* Problem details
Among the lines of the listing below, retype exactly those from the one containing "God tells Moses" through the one containing "70-80センチ 幅 15-20センチ", both included. Do not include pictures.

* Material provided
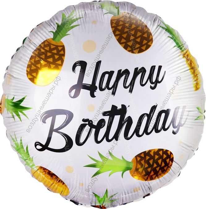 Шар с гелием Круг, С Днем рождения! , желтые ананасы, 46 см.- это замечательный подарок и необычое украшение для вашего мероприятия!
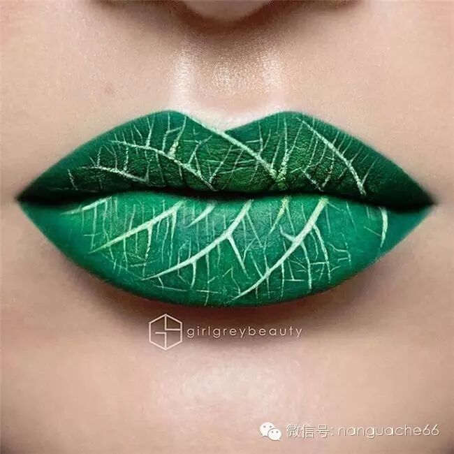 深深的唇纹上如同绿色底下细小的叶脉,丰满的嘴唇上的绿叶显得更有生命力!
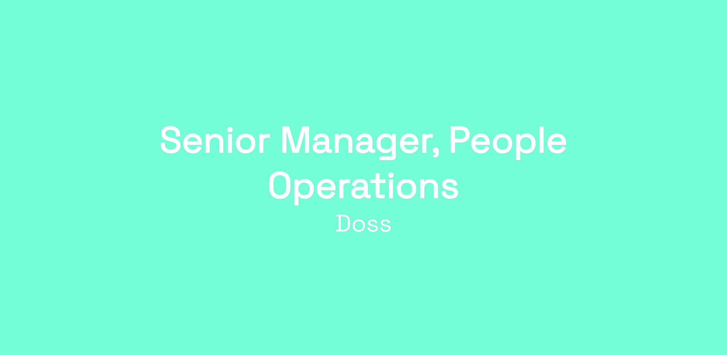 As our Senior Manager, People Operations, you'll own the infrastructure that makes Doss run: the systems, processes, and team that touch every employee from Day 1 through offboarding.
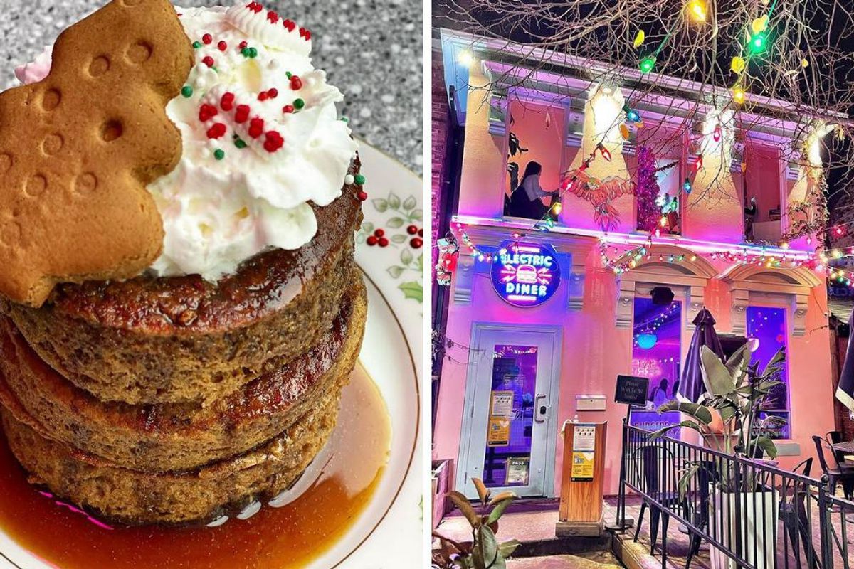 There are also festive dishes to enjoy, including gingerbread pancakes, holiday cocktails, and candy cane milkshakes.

---

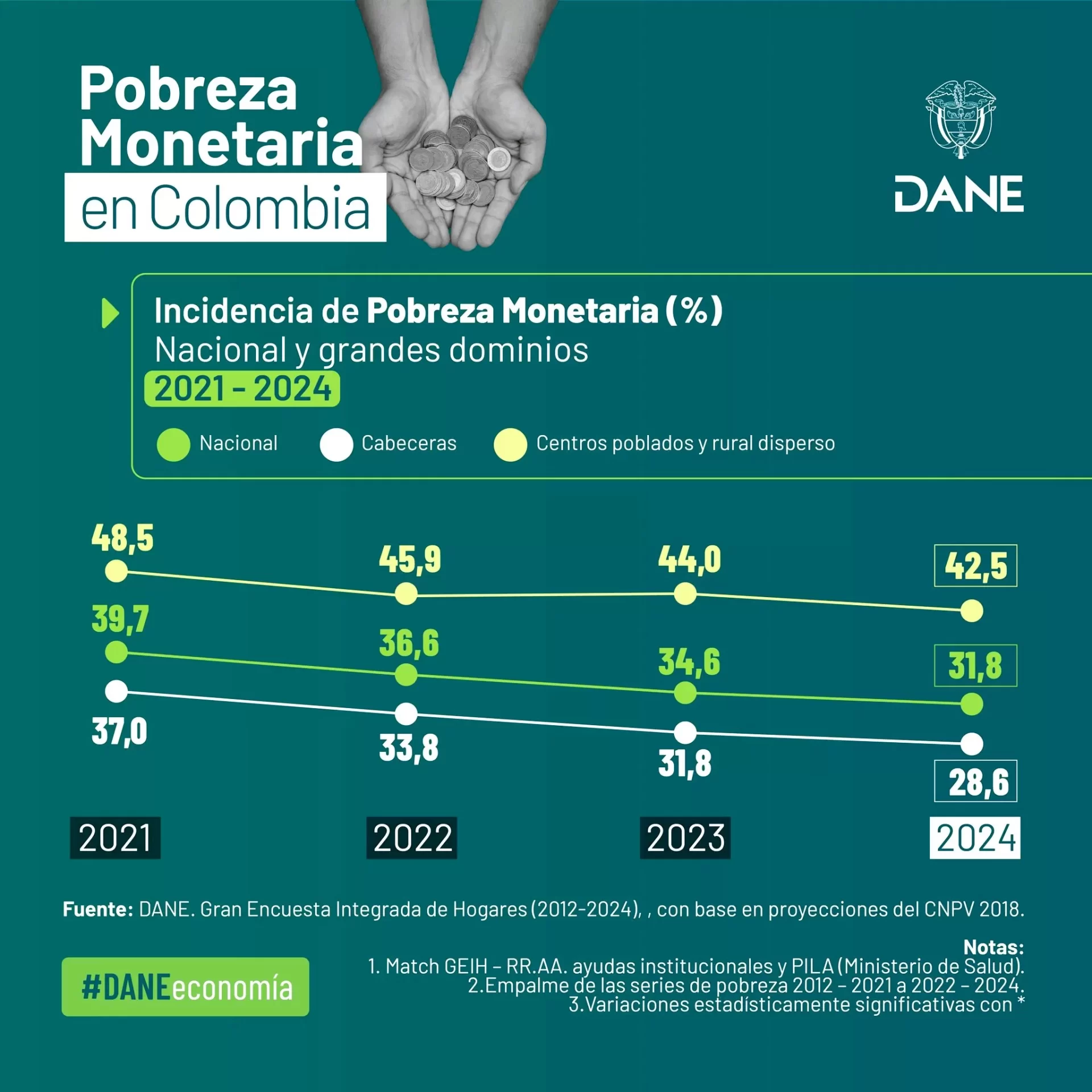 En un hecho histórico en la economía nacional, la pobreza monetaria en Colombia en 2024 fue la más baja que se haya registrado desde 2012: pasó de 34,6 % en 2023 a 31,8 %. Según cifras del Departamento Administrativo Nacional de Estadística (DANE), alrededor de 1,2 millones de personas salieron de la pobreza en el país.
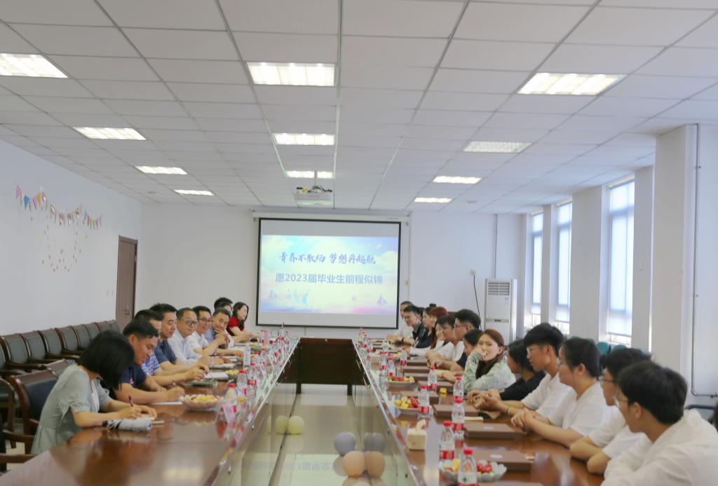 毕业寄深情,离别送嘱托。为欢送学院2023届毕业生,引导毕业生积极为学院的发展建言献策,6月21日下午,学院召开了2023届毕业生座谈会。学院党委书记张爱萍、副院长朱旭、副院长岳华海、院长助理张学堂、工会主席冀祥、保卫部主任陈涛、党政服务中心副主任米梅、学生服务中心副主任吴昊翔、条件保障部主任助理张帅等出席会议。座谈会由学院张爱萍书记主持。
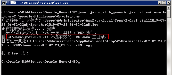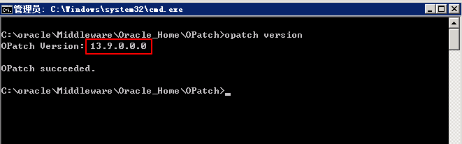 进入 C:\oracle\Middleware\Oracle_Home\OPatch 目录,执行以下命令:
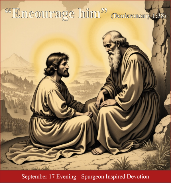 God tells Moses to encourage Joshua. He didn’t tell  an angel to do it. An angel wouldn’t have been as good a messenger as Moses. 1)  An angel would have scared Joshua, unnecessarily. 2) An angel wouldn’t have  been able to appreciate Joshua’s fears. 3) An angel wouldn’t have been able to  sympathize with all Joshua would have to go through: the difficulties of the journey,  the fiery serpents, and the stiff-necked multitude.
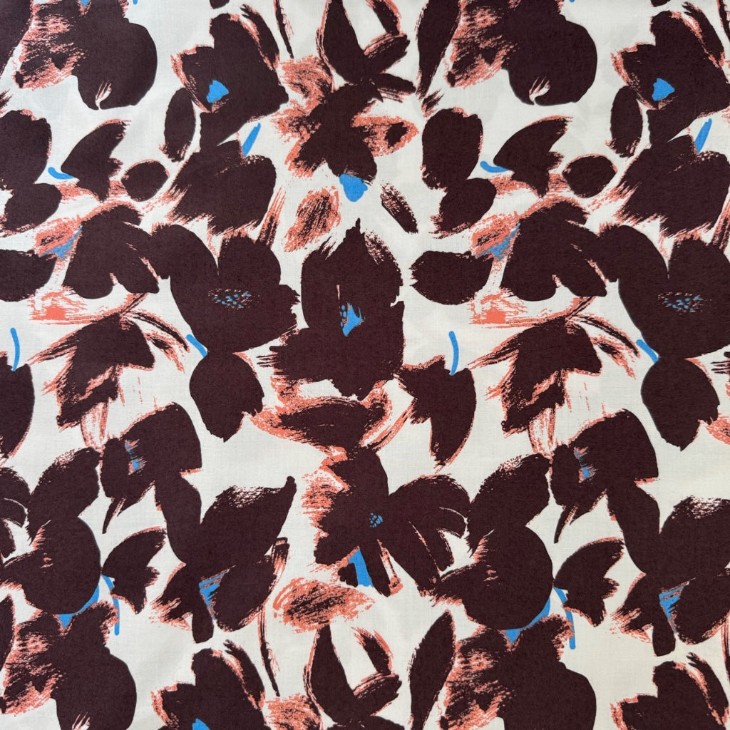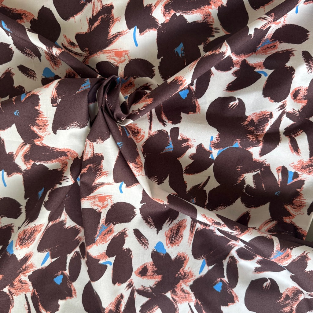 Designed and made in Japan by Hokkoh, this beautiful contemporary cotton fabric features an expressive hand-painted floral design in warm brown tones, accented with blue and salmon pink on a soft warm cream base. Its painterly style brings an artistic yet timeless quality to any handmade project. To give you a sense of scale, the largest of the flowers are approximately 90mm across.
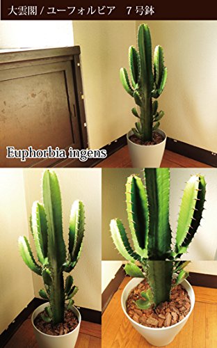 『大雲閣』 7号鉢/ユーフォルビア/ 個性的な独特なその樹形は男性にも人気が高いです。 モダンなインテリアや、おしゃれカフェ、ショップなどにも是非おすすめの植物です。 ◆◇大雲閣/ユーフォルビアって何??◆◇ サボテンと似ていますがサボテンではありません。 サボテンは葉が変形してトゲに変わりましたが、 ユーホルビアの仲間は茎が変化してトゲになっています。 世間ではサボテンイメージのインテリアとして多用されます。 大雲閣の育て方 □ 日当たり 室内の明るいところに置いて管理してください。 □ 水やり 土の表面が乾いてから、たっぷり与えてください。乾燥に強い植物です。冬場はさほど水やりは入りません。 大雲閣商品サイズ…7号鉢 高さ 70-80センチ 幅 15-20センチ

* * *

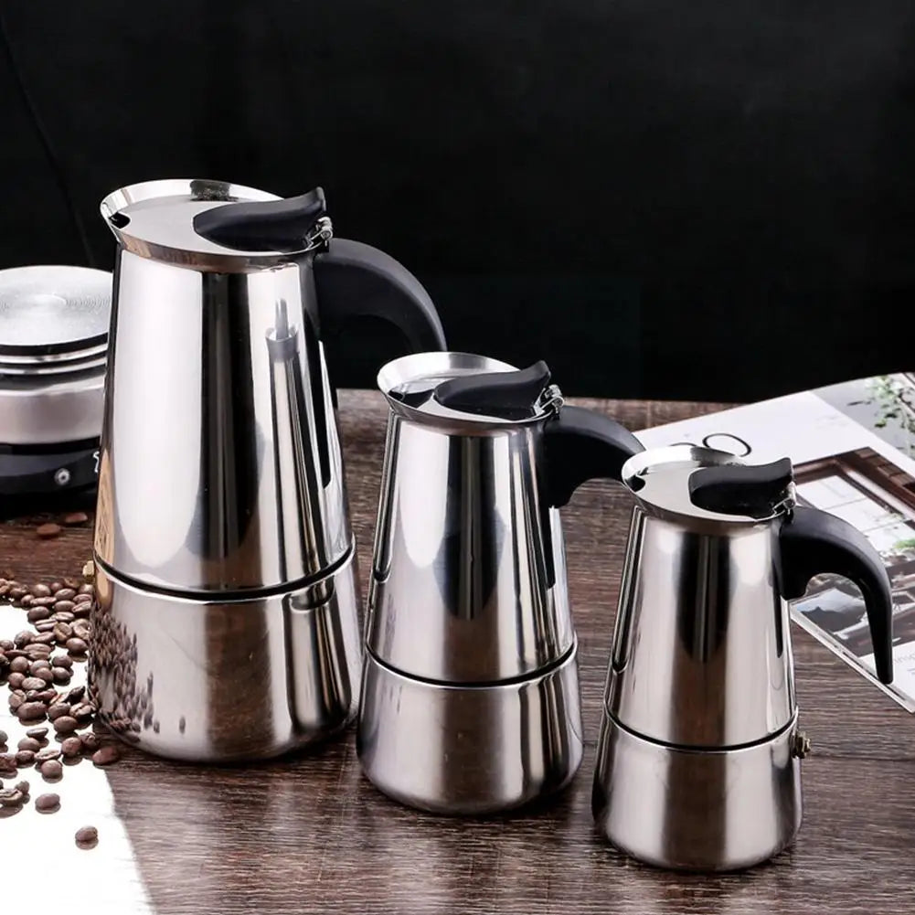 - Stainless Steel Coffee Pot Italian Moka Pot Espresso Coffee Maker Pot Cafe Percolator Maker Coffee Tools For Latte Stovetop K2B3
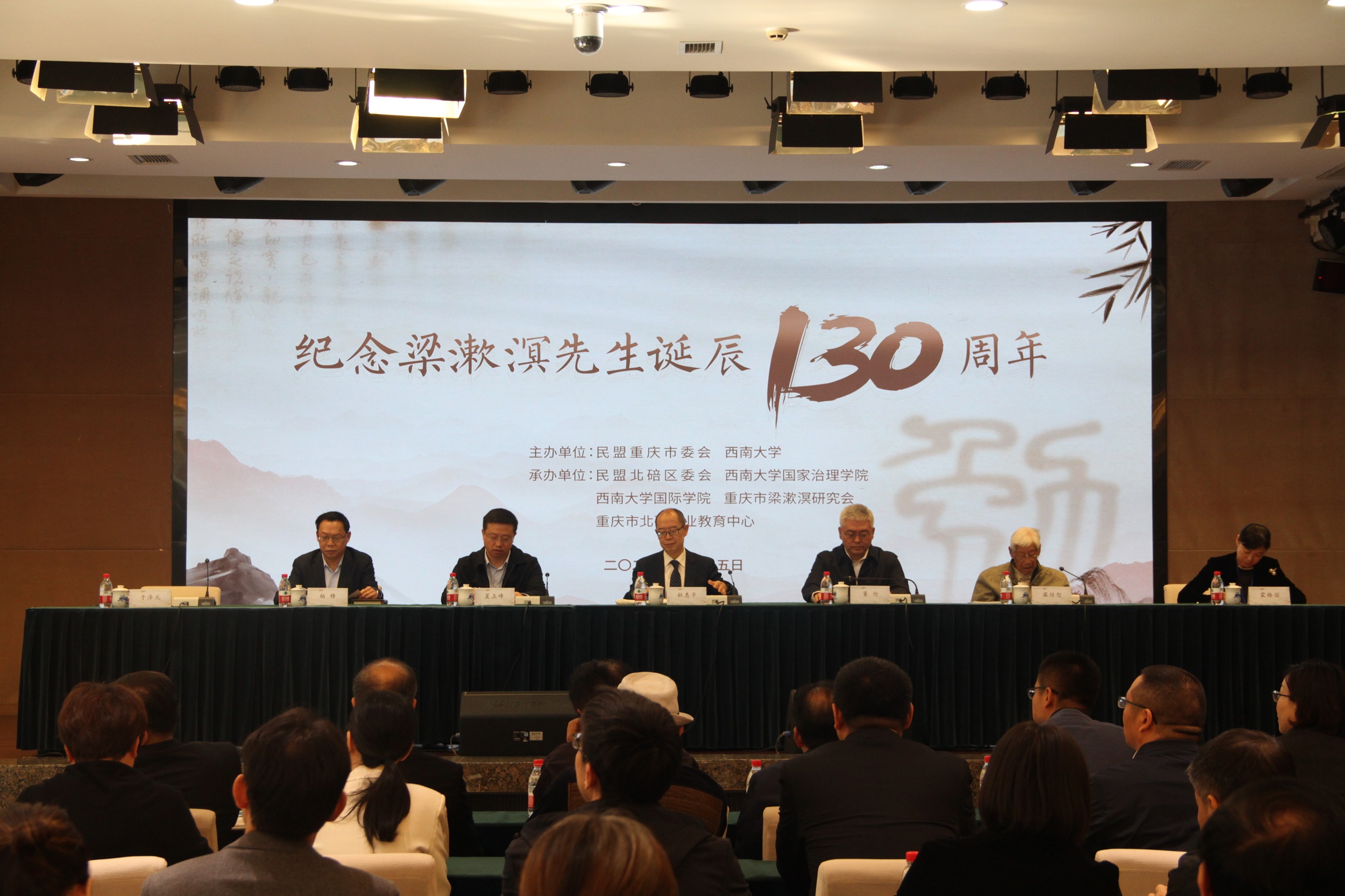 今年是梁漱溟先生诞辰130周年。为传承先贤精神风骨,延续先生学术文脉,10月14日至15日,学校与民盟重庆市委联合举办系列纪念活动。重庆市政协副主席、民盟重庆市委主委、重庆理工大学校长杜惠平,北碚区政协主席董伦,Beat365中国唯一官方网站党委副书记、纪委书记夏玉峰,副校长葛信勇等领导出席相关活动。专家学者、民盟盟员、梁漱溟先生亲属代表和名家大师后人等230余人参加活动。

* Solution for this exercise
 God tells Moses to encourage Joshua. He didn’t tell  an angel to do it. An angel wouldn’t have been as good a messenger as Moses. 1)  An angel would have scared Joshua, unnecessarily. 2) An angel wouldn’t have  been able to appreciate Joshua’s fears. 3) An angel wouldn’t have been able to  sympathize with all Joshua would have to go through: the difficulties of the journey,  the fiery serpents, and the stiff-necked multitude.
 Designed and made in Japan by Hokkoh, this beautiful contemporary cotton fabric features an expressive hand-painted floral design in warm brown tones, accented with blue and salmon pink on a soft warm cream base. Its painterly style brings an artistic yet timeless quality to any handmade project. To give you a sense of scale, the largest of the flowers are approximately 90mm across.
 『大雲閣』 7号鉢/ユーフォルビア/ 個性的な独特なその樹形は男性にも人気が高いです。 モダンなインテリアや、おしゃれカフェ、ショップなどにも是非おすすめの植物です。 ◆◇大雲閣/ユーフォルビアって何??◆◇ サボテンと似ていますがサボテンではありません。 サボテンは葉が変形してトゲに変わりましたが、 ユーホルビアの仲間は茎が変化してトゲになっています。 世間ではサボテンイメージのインテリアとして多用されます。 大雲閣の育て方 □ 日当たり 室内の明るいところに置いて管理してください。 □ 水やり 土の表面が乾いてから、たっぷり与えてください。乾燥に強い植物です。冬場はさほど水やりは入りません。 大雲閣商品サイズ…7号鉢 高さ 70-80センチ 幅 15-20センチ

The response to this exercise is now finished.